# Activity
Starting at the line with "a girl, smwuxia,chinese", retype every remaining line of the records exactly. Do not include pictures.

Data for processing section start

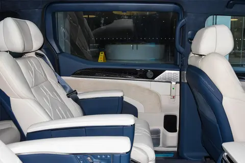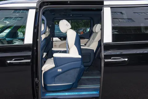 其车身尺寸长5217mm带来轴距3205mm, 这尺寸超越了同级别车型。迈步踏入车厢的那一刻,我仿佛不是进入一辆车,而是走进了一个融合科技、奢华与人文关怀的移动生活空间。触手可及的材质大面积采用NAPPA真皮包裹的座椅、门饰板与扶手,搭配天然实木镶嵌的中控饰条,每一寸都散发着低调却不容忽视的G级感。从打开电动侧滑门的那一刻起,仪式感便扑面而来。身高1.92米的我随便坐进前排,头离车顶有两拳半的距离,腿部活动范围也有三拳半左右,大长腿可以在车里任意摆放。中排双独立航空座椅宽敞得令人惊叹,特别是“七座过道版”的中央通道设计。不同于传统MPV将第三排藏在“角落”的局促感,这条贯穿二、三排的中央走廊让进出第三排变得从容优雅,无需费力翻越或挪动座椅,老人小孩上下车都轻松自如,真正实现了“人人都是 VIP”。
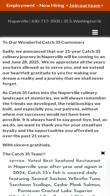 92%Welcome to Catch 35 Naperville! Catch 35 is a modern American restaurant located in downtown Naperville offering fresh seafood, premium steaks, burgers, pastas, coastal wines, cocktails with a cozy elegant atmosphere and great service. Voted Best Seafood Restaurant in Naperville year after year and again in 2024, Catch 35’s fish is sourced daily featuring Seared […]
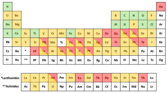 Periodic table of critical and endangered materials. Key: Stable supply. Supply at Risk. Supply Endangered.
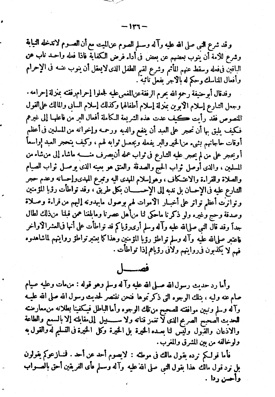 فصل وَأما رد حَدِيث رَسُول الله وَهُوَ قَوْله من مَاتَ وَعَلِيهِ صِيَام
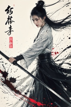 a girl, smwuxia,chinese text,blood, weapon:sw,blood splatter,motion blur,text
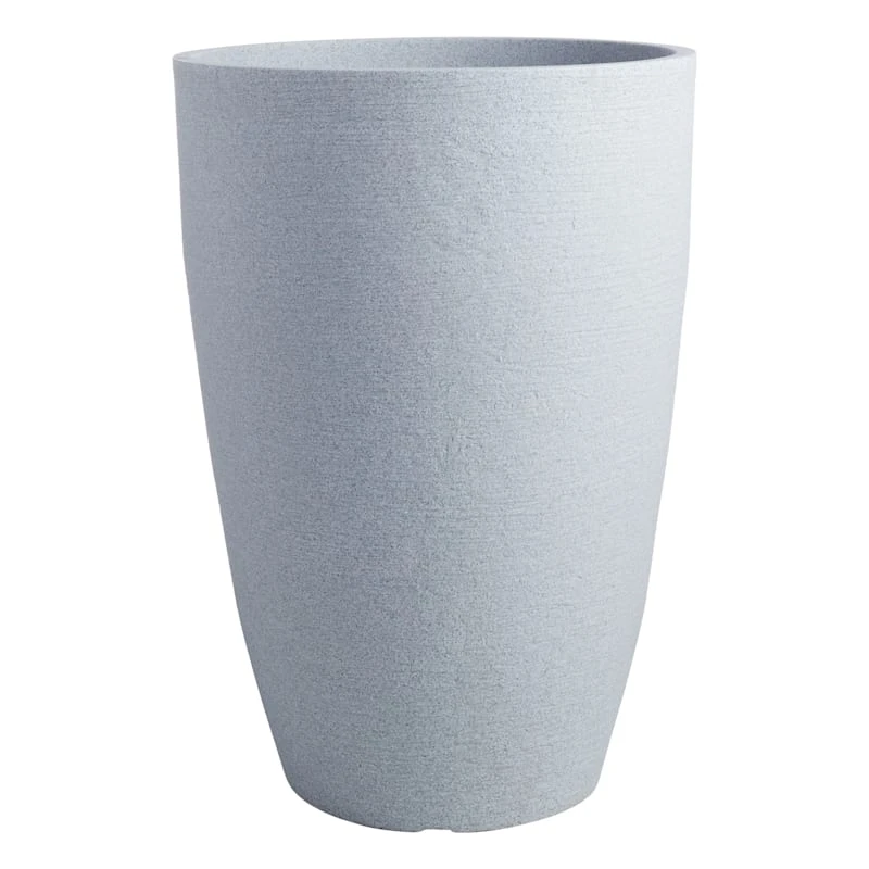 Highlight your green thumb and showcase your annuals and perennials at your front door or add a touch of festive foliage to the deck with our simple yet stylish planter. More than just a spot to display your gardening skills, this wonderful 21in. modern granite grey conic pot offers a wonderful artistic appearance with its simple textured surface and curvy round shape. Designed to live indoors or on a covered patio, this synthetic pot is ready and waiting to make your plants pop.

Data for processing section end

# Task answer
 a girl, smwuxia,chinese text,blood, weapon:sw,blood splatter,motion blur,text
 Highlight your green thumb and showcase your annuals and perennials at your front door or add a touch of festive foliage to the deck with our simple yet stylish planter. More than just a spot to display your gardening skills, this wonderful 21in. modern granite grey conic pot offers a wonderful artistic appearance with its simple textured surface and curvy round shape. Designed to live indoors or on a covered patio, this synthetic pot is ready and waiting to make your plants pop.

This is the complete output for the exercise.